[Your objective]: Give exactly the lines from the one that contains "Молодой мужчина и" through the end of the entries below, both included; the pictures stay out.

##### Excerpted records #####

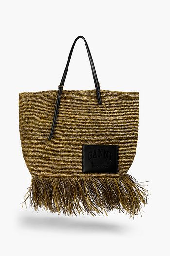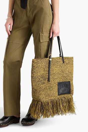 Fringed raffia tote
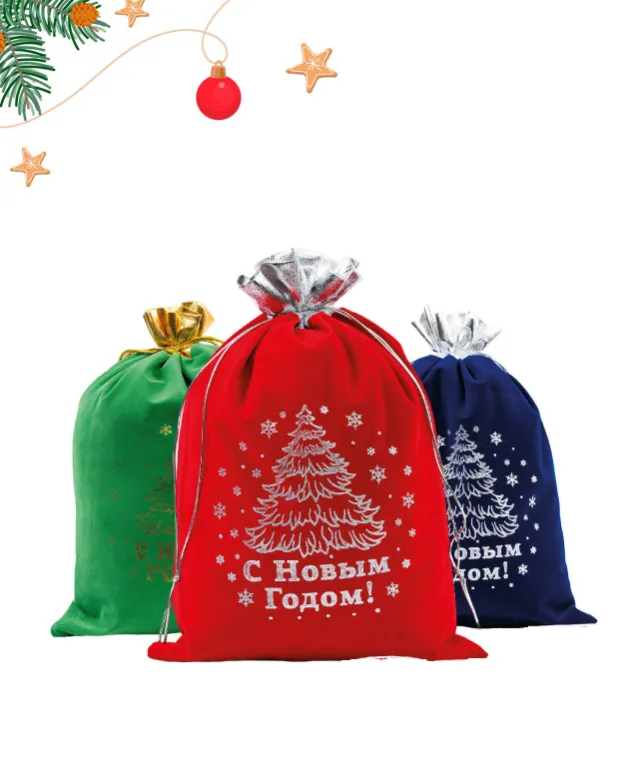 НОВОГОДНИЙ ПОДАРОК МЕШОК "ДЕДА МОРОЗА" КРАСНЫЙ 1500ГР
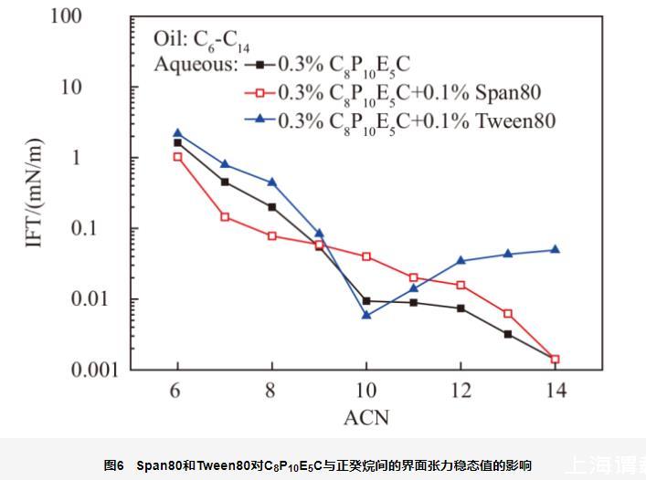 由于微胶囊靶向增黏聚合物是以非离子表面活性剂Span80和Tween80为乳化剂制备的,因此,以C8P10E5C为例,分别考察了0.1%的Span80和Tween80对0.3%C8P10E5C溶液与系列正构烷烃间界面张力稳态值的影响,结果如图6所示。
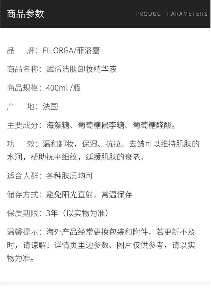 【荷兰直邮】Filorga菲洛嘉法国进口赋活洁肤卸妆水精华液眼脸部温和深层清洁400ml
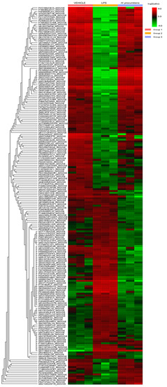 Untargeted proteomic analysis showing the effects of water H. procumbens extract (1000 µg/mL) on mouse colon specimens challenged with LPS. The activity of the detected proteins was calculated in comparison with the calibrator of the experiment (LPS group). In the figure, the green bar indicates a down-regulating effect compared to LPS, whereas the red bar indicates an up-regulating effect.
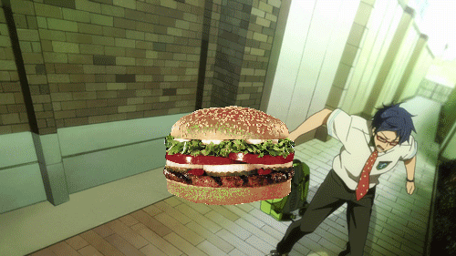 Рея (который на твоей гифке) покусал Кагами (здоровяк из Куробаса, который очень любит гамбургеры) - и теперь бедняга мутировал и вынужден гоняться за оными с безумным видом. Как зомби или оборотень.
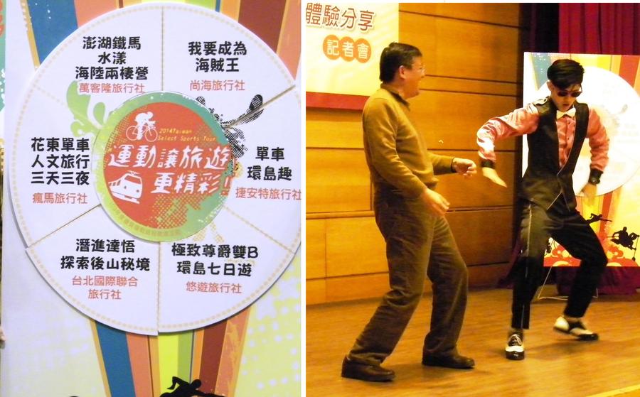 【台灣醒報記者陳彥驊台北報導】體育署主任秘書與舞者齊跳「騎馬舞」,將現場氣氛炒得火熱,眾人也看得津津有味。行政院體育署為推展運動與觀光產業異業結盟,22日舉辦「優質運動遊程徵選活動」記者會。現場也頒發「我是運動玩家」徵選活動獎項,由橫越美國的自行車愛好者奪得首獎。
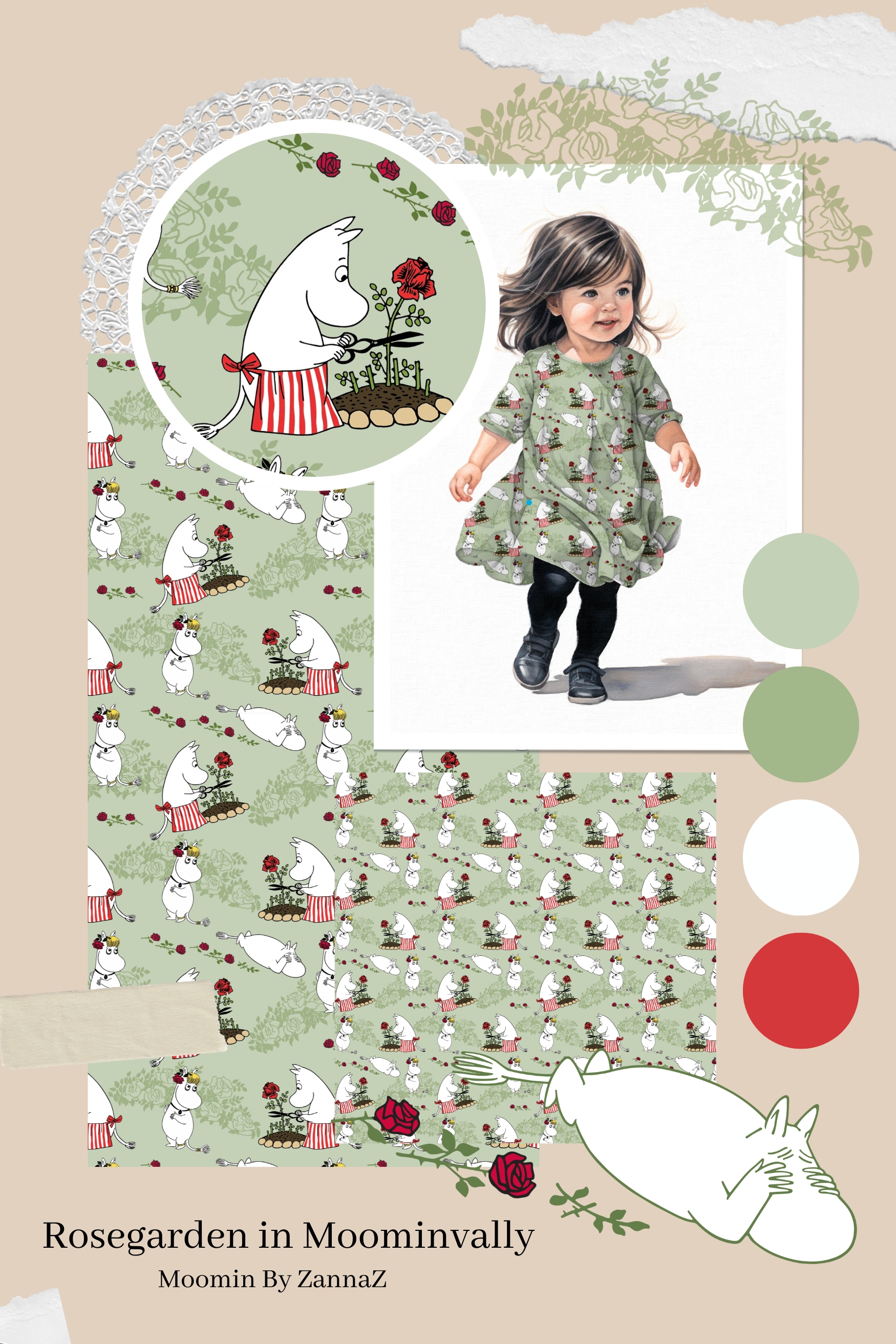 Rosenträdgård, grön - Moomin By ZannaZ
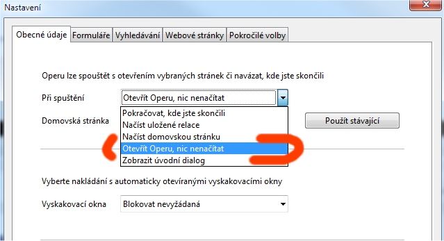 Ctrl+F12 (Opera 12.17), změň si otvírání po spuštění prohlížeče na něco jiného, než je označeno červ…
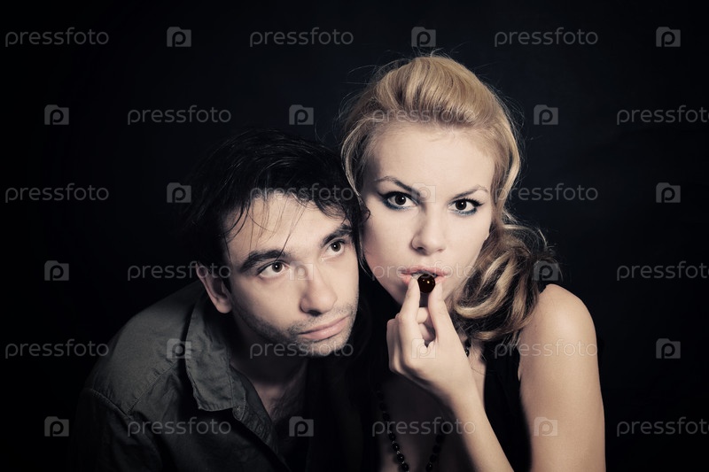 Молодой мужчина и женщина с шоколадной конфетой
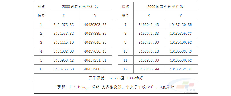 擬出讓采礦權(quán)開采標(biāo)高+57.77m至-100.0m,礦區(qū)面積1.7319平方千米,礦區(qū)范圍由12個坐標(biāo)圈定如下:
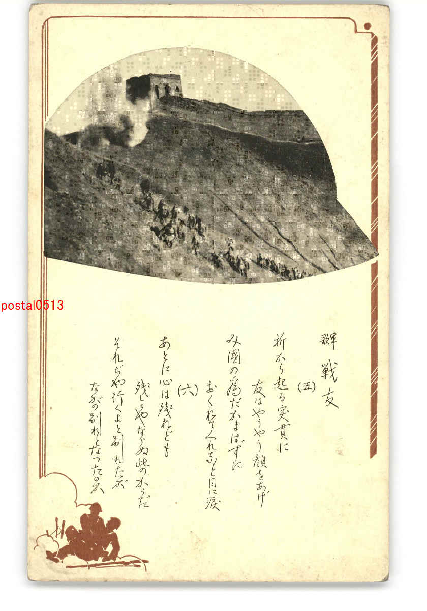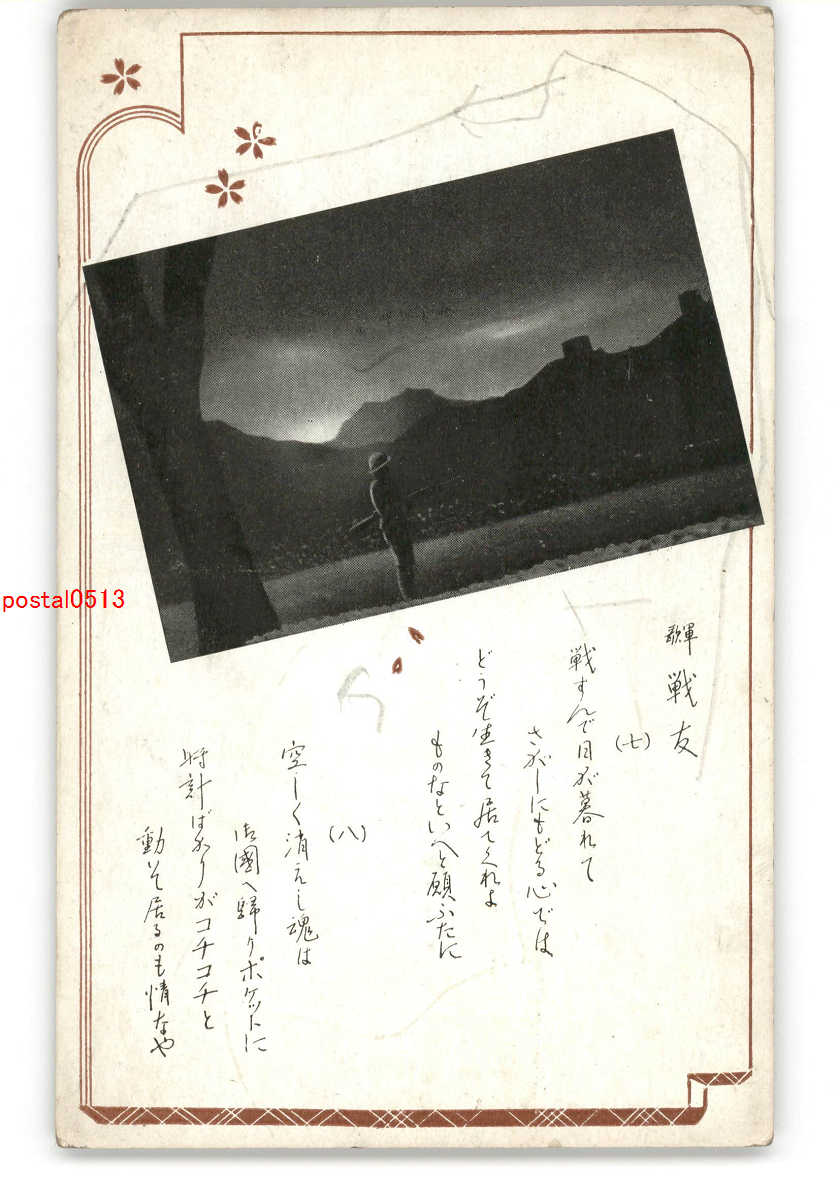 軍歌アート絵葉書 戦友 *傷み有り
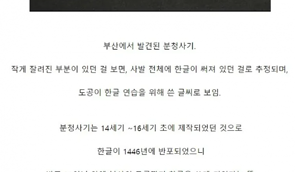 한글이 새겨있는 14세기의 분청사기
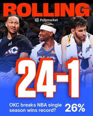 突發消息:根據 @PolymarketSport,俄克拉荷馬城已經以 24-1 的戰績追平 2016 年勇士隊,創下 NBA 歷史最佳開局。
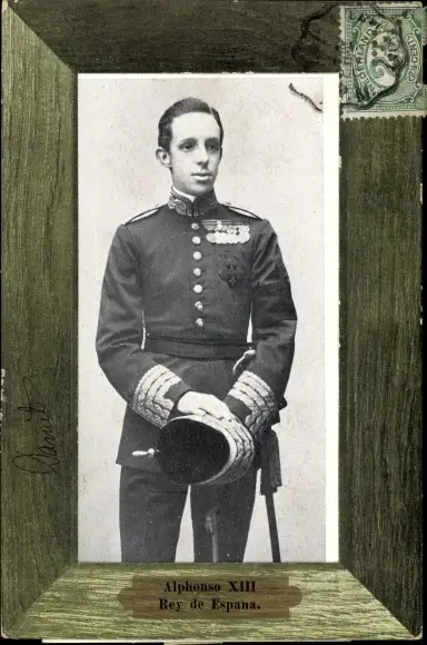 Passepartout Ak Alfons XIII, König von Spanien, Portrait, Uniform

#####

[Written reply]:
 Молодой мужчина и женщина с шоколадной конфетой
 擬出讓采礦權(quán)開采標(biāo)高+57.77m至-100.0m,礦區(qū)面積1.7319平方千米,礦區(qū)范圍由12個坐標(biāo)圈定如下:
 軍歌アート絵葉書 戦友 *傷み有り
 한글이 새겨있는 14세기의 분청사기
 突發消息:根據 @PolymarketSport,俄克拉荷馬城已經以 24-1 的戰績追平 2016 年勇士隊,創下 NBA 歷史最佳開局。
 Passepartout Ak Alfons XIII, König von Spanien, Portrait, Uniform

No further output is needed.